Using a Self-Service Software Request Portal, the end-user can still be charged the same amount for the transaction as would have been the case previously, except now the charge is an intra-company transaction with the IT Asset Management (ITAM) function. What the end-user is buying from the Software Request Portal is an “authorization,” not a license. The concept is that the ITAM function takes on compliance responsibility for Managed Software List (MSL) which are titles that are controlled and managed for software compliance and are normally either ubiquitous or of high value. End-users are relieved of that responsibility. ITAM uses the automated allocation engine to optimize the coverage of authorizations with licenses.

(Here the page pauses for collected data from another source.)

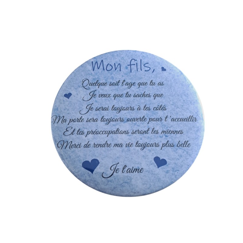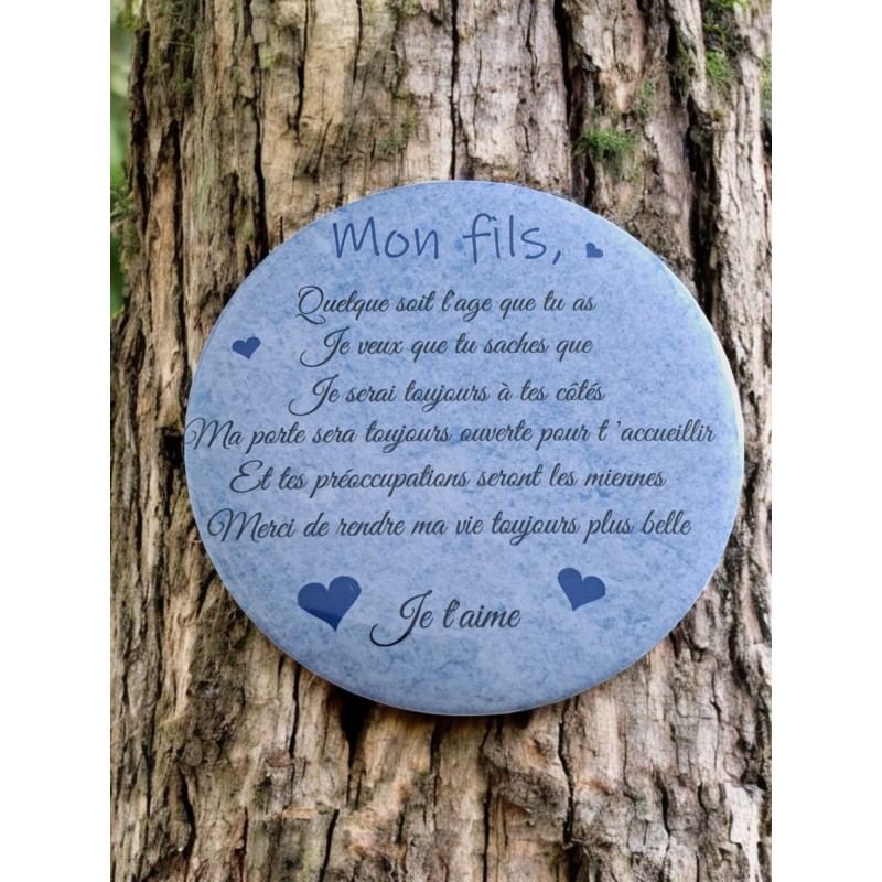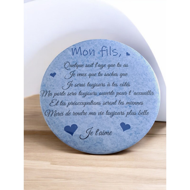 Offrez à votre fils cet aimant rond de 7,5 cm de diamètre, décoré d’un message plein d’amour et de fierté. Une belle façon de lui rappeler à quel point il est important pour vous. Un petit cadeau unique et symbolique, parfait pour toutes les occasions !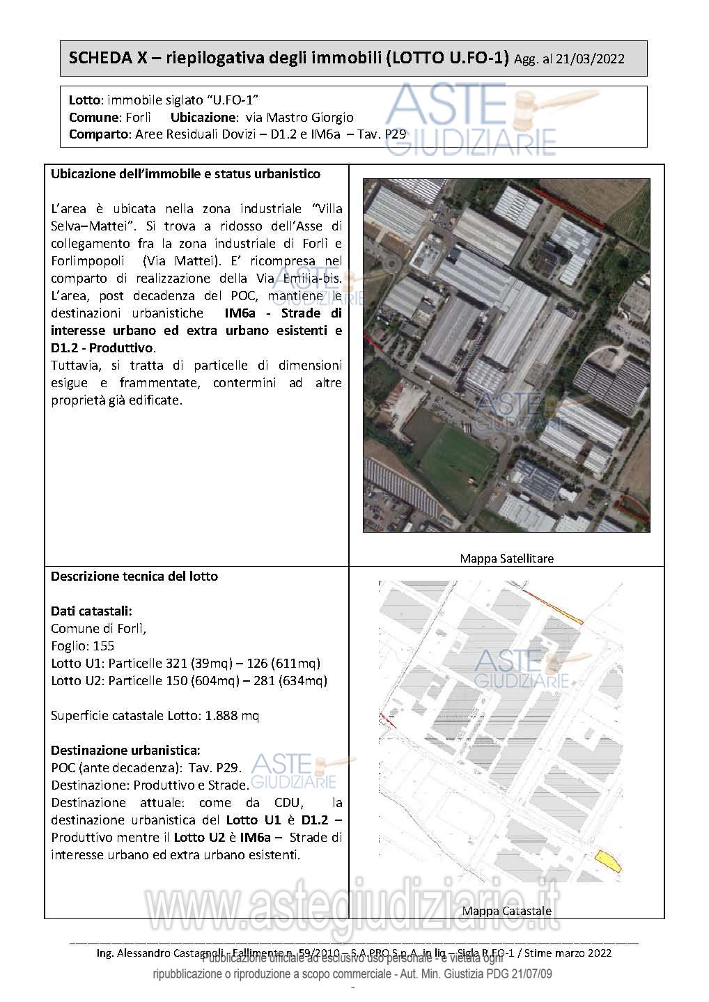 Vendita all'asta Senza incanto, con gara telematica asincrona - LOTTO 9: LOTTO U - Sottolotto U1 - Forlì – Aree residuali Dovizi 1Terreno sito nel comune di Forlì - via Mastro, via Casadei, Via del Santuario, superficie catastale 650 mq, destinazione uso produttivo D 1.2, indice Uf 0,60 mq/mq. Prezzo base € 4.000,00 (offerta minima € 3.500,00). Data inizio operazioni di vendita: 11/12/2025 ore 10:00. Giudice Dott. Barbara Vacca. Professionista delegato alla vendita Dott. Italo Bruno Vergallo. Rif. Tribunale di Forlì - Fallimentare (nuovo rito) n. 59/2010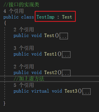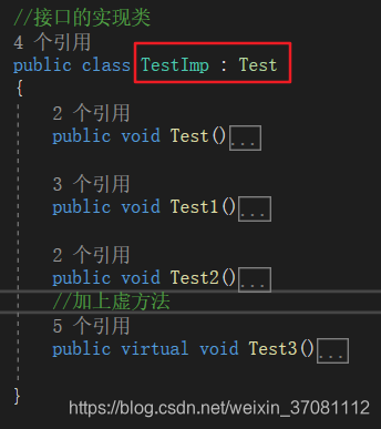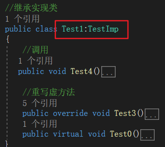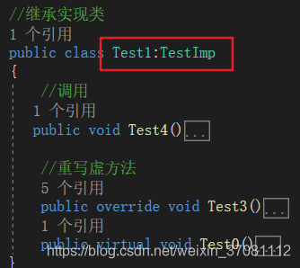 在C#中,接口和类的实现和继承的外在形式没有太大的差别,都是一个冒号“:”来解决的,如下图
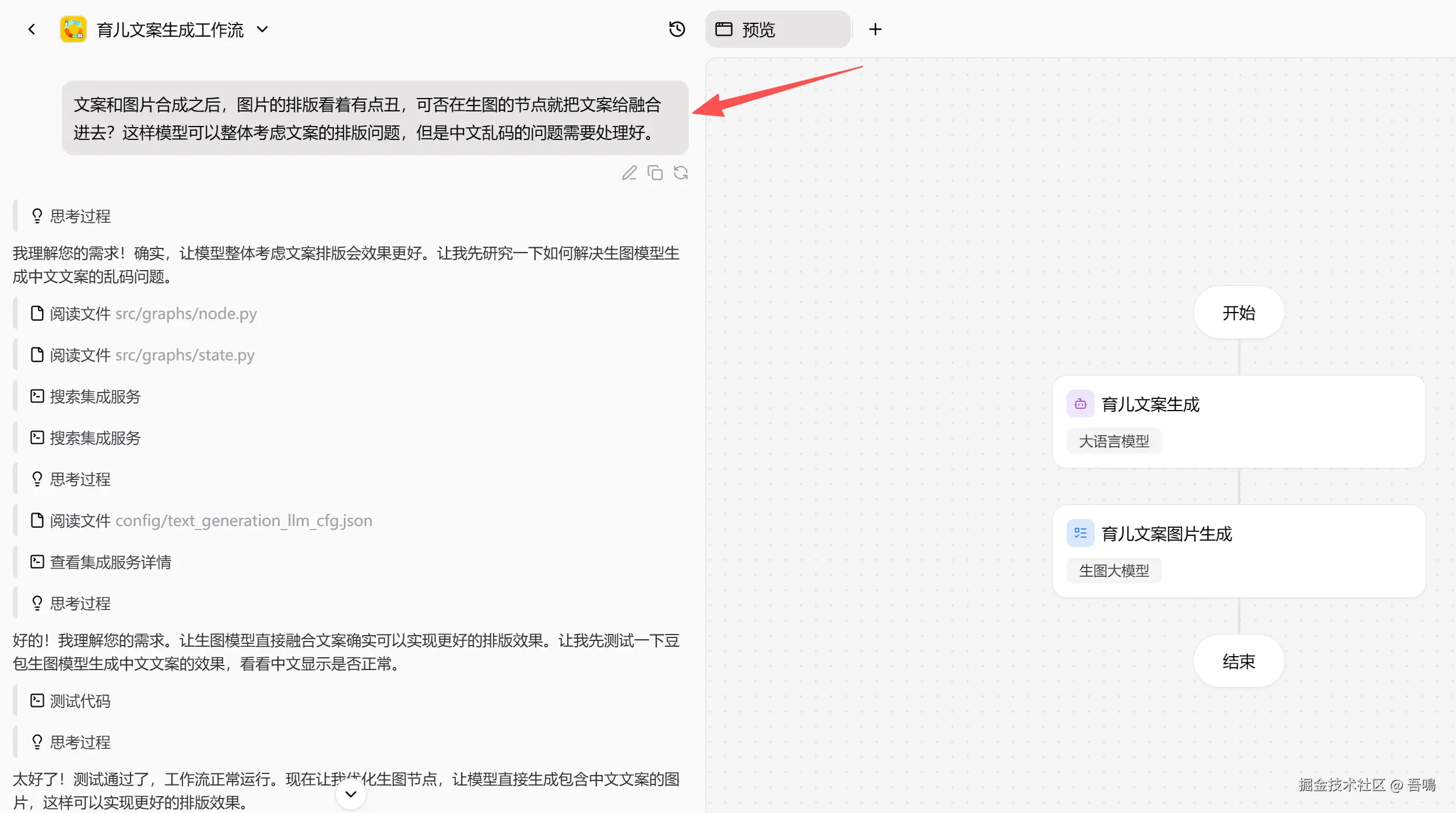 通过这个调整,我可以直接看到工作流给我输出的完整的图片了,但是输出的图片排版实在太丑了,直接就是文案写在图片的整中央,黑体,一点儿美感都没有,所以我有向它提出了我的真实想法,让它帮我修改。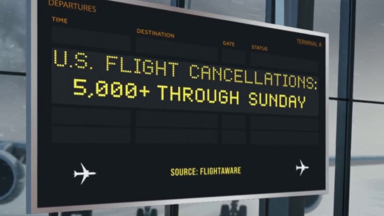 Airlines have already canceled more than 5,000 flights through the weekend, and experts estimate up to 15,000 could be delayed by Sunday. NBC News’ George Solis has the latest on the airports most impacted, and what airlines are saying.Jan. 23, 2026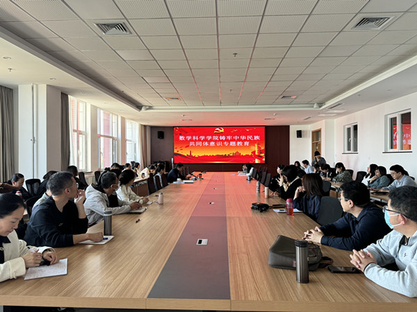 4月24日下午,数学科学学院在西拉木伦校区知行楼A517会议室开展铸牢中华民族共同体意识专题教育。学院领导班子成员以及全体教职工参加会议。会议由学院党委书记葛萨楚拉主持。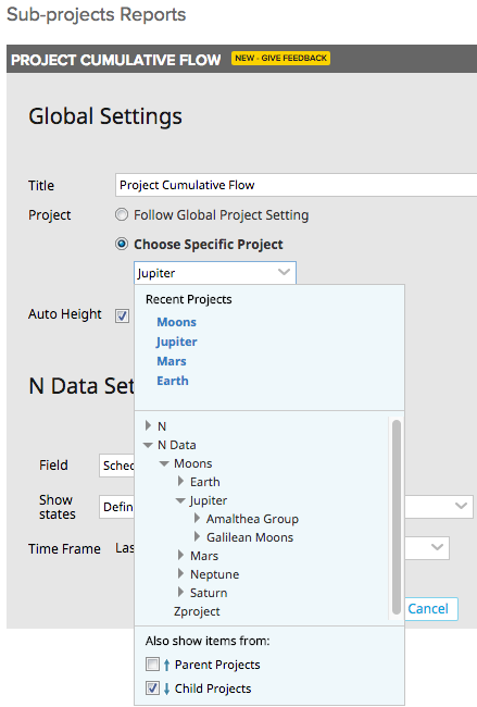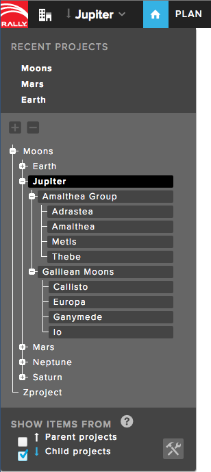 Go to the Setting under the app's gear menu to change the scope from the default global scope to a specific project. In this example our top project is Jupiter, and one of its child projects is selected: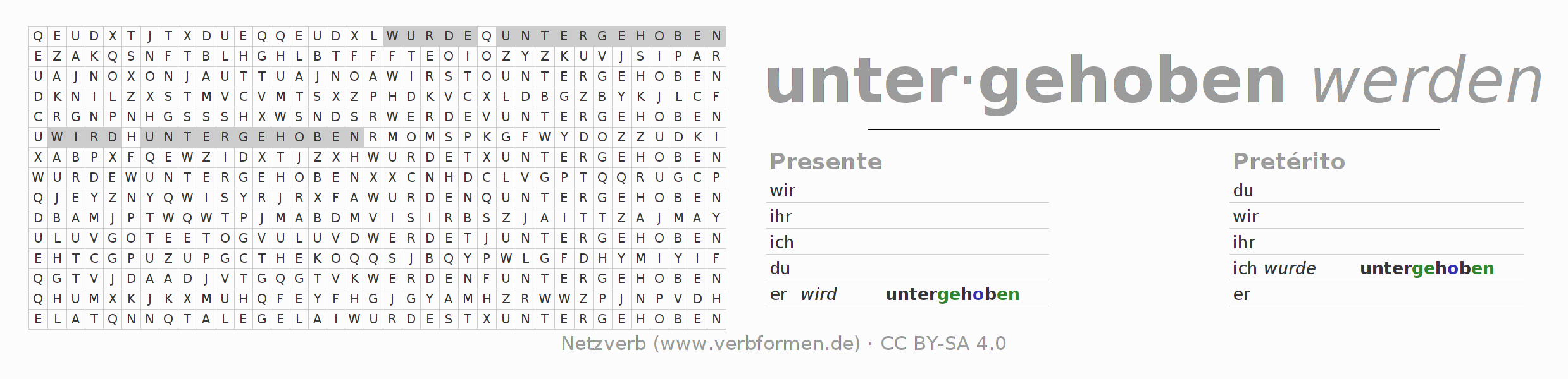 Caça-palavras com a conjugação do verbo unterheben 〈Voz Passiva〉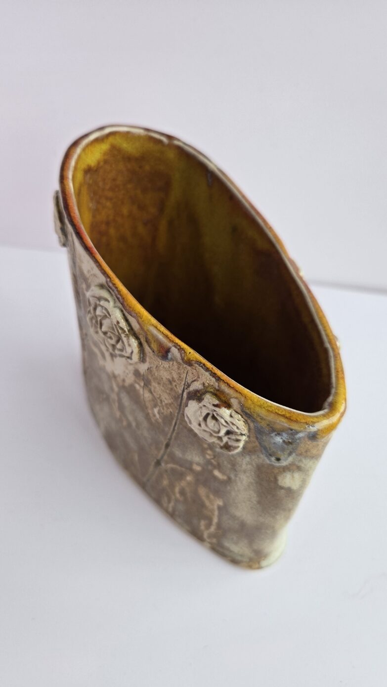 Lummav värvimäng: Toote välispinda katab rahulik pruunikaskirju glasuur, taimemustrid on inspireeritud loodusest ja maapõuest. Hoidja sisemus üllatab aga särava oranži glasuuriga, luues efektse ja sooja kontrasti, mis lisab igale köögile särtsu.

The money from the purchase of authorizations through the software request portal is accrued in an IT accrual account. This enables taking full advantage of the true-up terms of the license.
We also have self-service harvesting (users can voluntarily harvest their software and get monetary credit) as well as auto-harvesting. Over time, many of the software portal requests can be covered via harvested licenses. So, the net result is that there is no need to go to the street to purchase licenses and, when there is a need to purchase, it is done in volume with typically another 20-30 points volume discount.
The delta in the accrual account is a growing hedge against audits settlements and to do the initial true-up when each new MSL item is added – we have found that by far the most enthusiastic and supportive organization for this point is finance, consequently we recommend that they are included in this discussion as early as possible in the project.
The user doesn’t care – as far as they know they’re covered. They purchased an authorization and are basically indemnified by the ITAM function – so they’re fine.
If the internal market is done correctly, there is financial incentive to harvest unused licensing (a much better and more positive approach than monitoring for usage); a financial disincentive to acquire software through the back channel (discovered “rogue” installs are simply charged full license price); and a financial throttle on unused license demand (license requests are simply charged whether a license exists or not).
While it may sound complicated, it generally is not, and has been done for years in practice in several more advanced SAM organizations, and is typically embraced by IT finance.